● **Your instructions**
Below are records to retype exactly, except for the pictures.

● **Records from a dataset**
▽

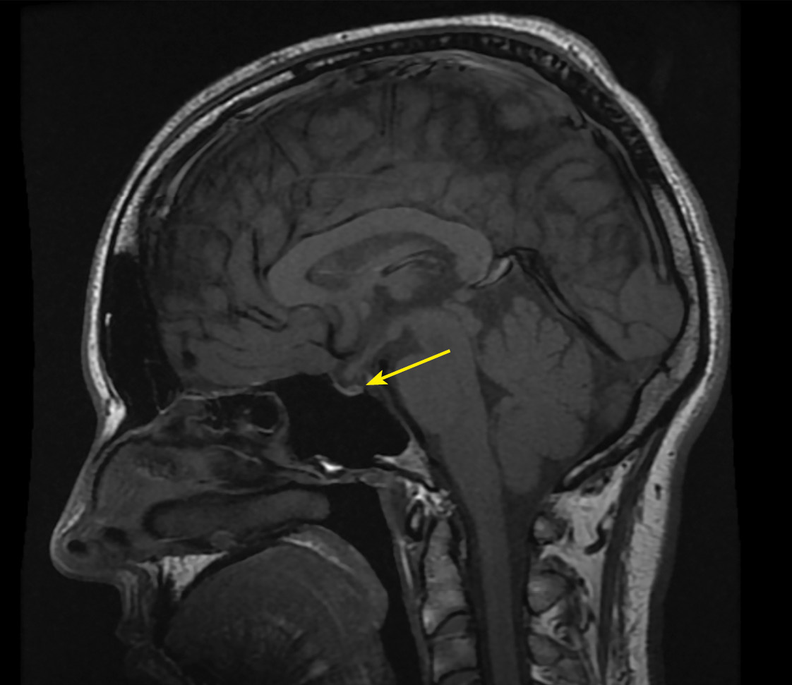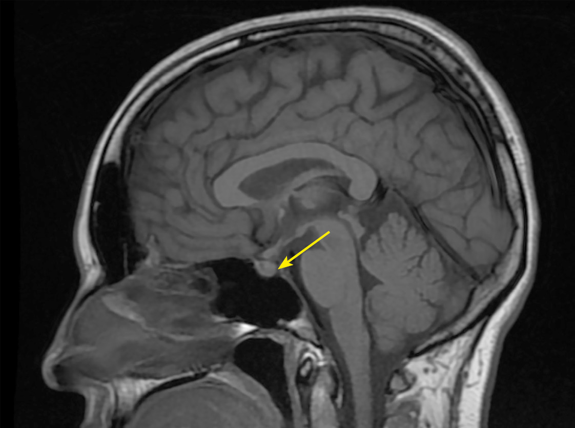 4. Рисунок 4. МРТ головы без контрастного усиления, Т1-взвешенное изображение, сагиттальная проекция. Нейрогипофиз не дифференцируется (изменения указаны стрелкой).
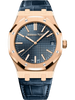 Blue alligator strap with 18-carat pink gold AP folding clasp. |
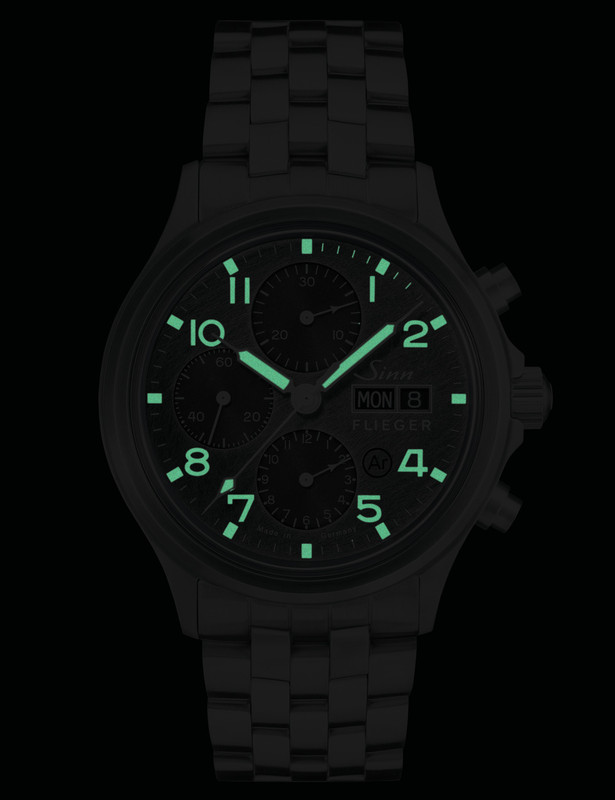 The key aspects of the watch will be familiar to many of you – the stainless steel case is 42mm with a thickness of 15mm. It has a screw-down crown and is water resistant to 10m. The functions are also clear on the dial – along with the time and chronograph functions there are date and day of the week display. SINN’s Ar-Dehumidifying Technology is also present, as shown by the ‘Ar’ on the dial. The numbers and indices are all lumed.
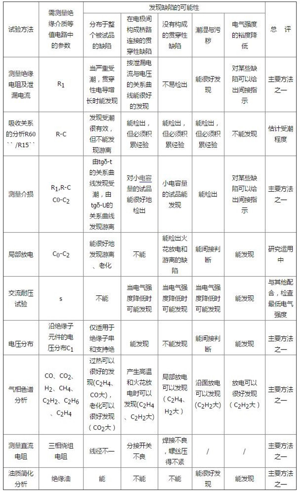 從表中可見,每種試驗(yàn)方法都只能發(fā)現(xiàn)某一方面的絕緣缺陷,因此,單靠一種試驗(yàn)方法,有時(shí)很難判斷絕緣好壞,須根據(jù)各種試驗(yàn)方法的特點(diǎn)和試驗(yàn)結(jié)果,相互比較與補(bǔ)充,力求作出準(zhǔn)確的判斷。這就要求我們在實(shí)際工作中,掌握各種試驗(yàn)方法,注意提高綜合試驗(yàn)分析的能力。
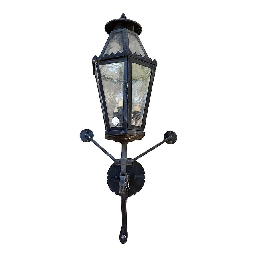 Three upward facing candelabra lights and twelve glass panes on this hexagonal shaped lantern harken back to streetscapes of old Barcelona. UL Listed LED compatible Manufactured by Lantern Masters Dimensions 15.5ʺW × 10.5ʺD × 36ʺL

△

● **Completed task**
 4. Рисунок 4. МРТ головы без контрастного усиления, Т1-взвешенное изображение, сагиттальная проекция. Нейрогипофиз не дифференцируется (изменения указаны стрелкой).
 Blue alligator strap with 18-carat pink gold AP folding clasp. |
 The key aspects of the watch will be familiar to many of you – the stainless steel case is 42mm with a thickness of 15mm. It has a screw-down crown and is water resistant to 10m. The functions are also clear on the dial – along with the time and chronograph functions there are date and day of the week display. SINN’s Ar-Dehumidifying Technology is also present, as shown by the ‘Ar’ on the dial. The numbers and indices are all lumed.
 從表中可見,每種試驗(yàn)方法都只能發(fā)現(xiàn)某一方面的絕緣缺陷,因此,單靠一種試驗(yàn)方法,有時(shí)很難判斷絕緣好壞,須根據(jù)各種試驗(yàn)方法的特點(diǎn)和試驗(yàn)結(jié)果,相互比較與補(bǔ)充,力求作出準(zhǔn)確的判斷。這就要求我們在實(shí)際工作中,掌握各種試驗(yàn)方法,注意提高綜合試驗(yàn)分析的能力。
 Three upward facing candelabra lights and twelve glass panes on this hexagonal shaped lantern harken back to streetscapes of old Barcelona. UL Listed LED compatible Manufactured by Lantern Masters Dimensions 15.5ʺW × 10.5ʺD × 36ʺL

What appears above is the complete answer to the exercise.